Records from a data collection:

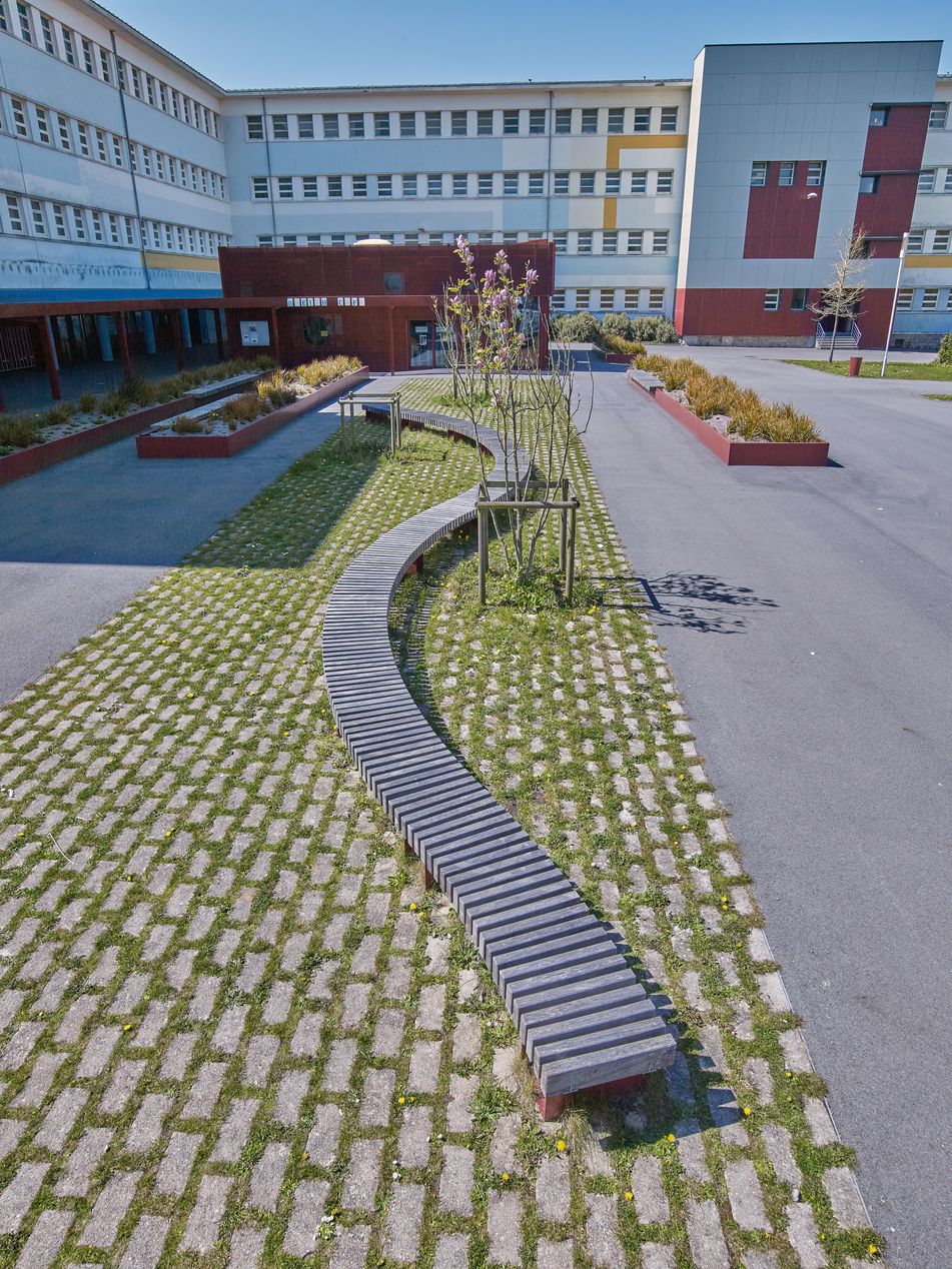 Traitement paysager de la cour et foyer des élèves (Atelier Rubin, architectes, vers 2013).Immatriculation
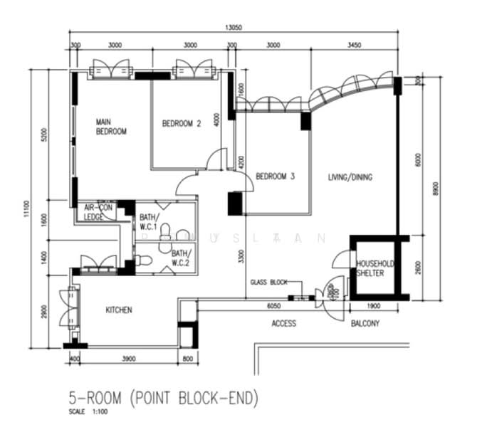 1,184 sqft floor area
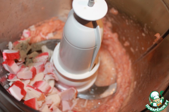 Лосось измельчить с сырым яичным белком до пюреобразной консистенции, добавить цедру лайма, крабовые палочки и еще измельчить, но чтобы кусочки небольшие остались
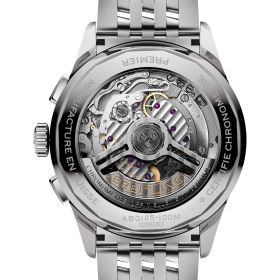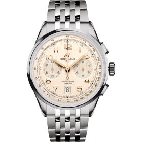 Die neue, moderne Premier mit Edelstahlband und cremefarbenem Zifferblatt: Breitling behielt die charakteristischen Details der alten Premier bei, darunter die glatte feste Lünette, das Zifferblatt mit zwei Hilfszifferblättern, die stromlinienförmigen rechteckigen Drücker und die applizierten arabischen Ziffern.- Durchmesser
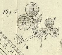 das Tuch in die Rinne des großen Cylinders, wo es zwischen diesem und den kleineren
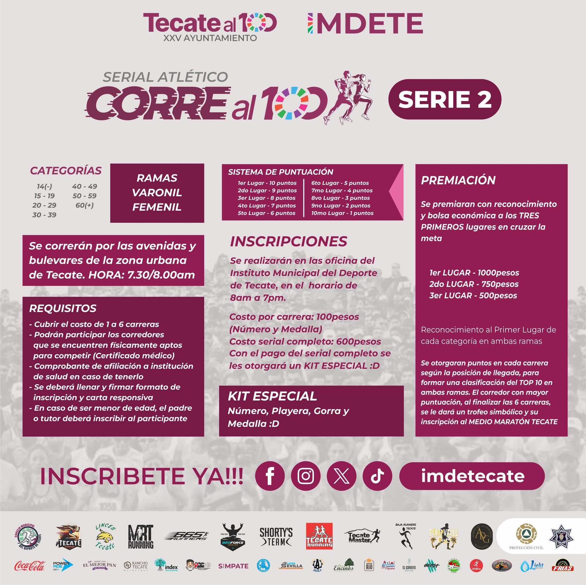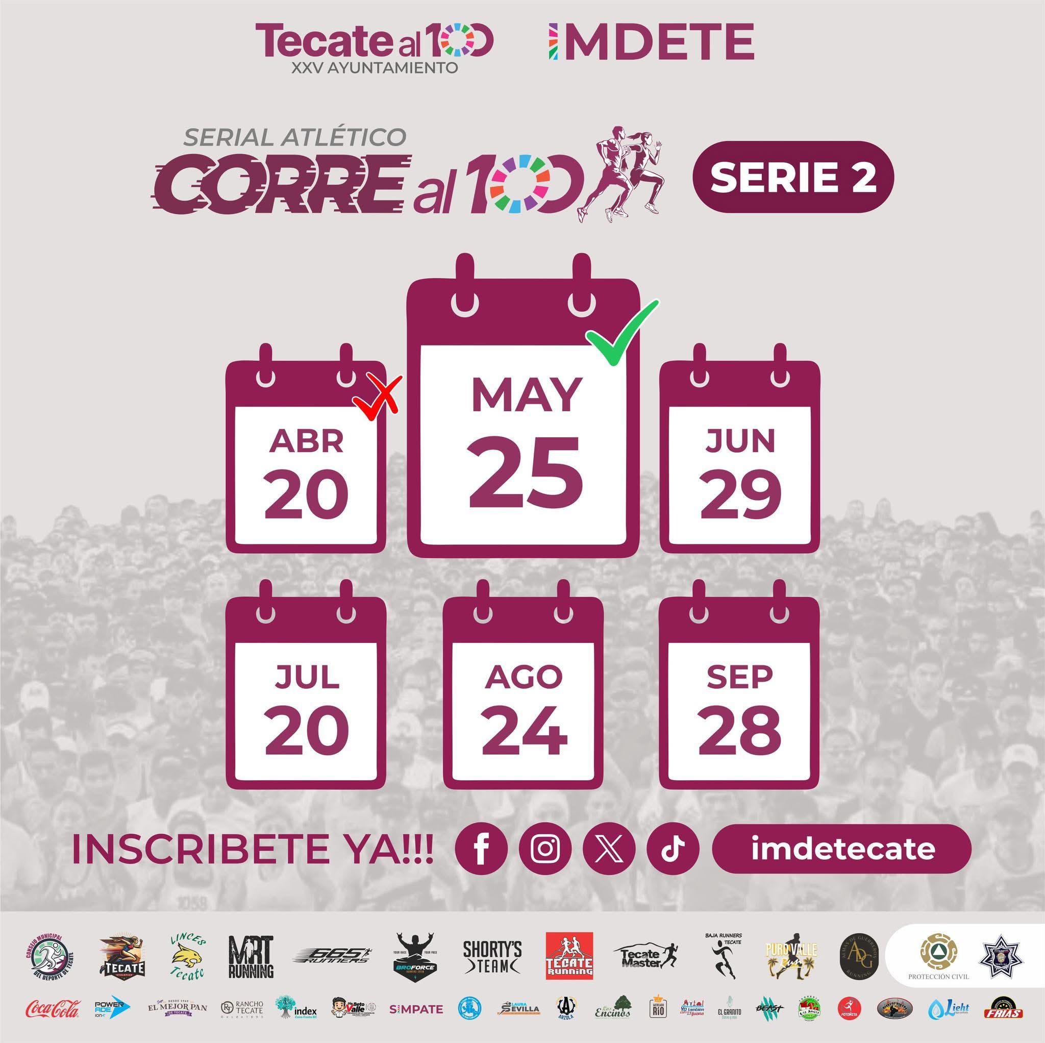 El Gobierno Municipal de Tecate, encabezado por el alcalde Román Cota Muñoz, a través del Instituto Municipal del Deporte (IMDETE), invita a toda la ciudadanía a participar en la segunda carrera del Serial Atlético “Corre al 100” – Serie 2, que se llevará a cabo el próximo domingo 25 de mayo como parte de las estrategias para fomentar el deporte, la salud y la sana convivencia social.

Work required:
Now reproduce all of the entries precisely, with no pictures in the copy.

Solution for this exercise:
 Traitement paysager de la cour et foyer des élèves (Atelier Rubin, architectes, vers 2013).Immatriculation
 1,184 sqft floor area
 Лосось измельчить с сырым яичным белком до пюреобразной консистенции, добавить цедру лайма, крабовые палочки и еще измельчить, но чтобы кусочки небольшие остались
 Die neue, moderne Premier mit Edelstahlband und cremefarbenem Zifferblatt: Breitling behielt die charakteristischen Details der alten Premier bei, darunter die glatte feste Lünette, das Zifferblatt mit zwei Hilfszifferblättern, die stromlinienförmigen rechteckigen Drücker und die applizierten arabischen Ziffern.- Durchmesser
 das Tuch in die Rinne des großen Cylinders, wo es zwischen diesem und den kleineren
 El Gobierno Municipal de Tecate, encabezado por el alcalde Román Cota Muñoz, a través del Instituto Municipal del Deporte (IMDETE), invita a toda la ciudadanía a participar en la segunda carrera del Serial Atlético “Corre al 100” – Serie 2, que se llevará a cabo el próximo domingo 25 de mayo como parte de las estrategias para fomentar el deporte, la salud y la sana convivencia social.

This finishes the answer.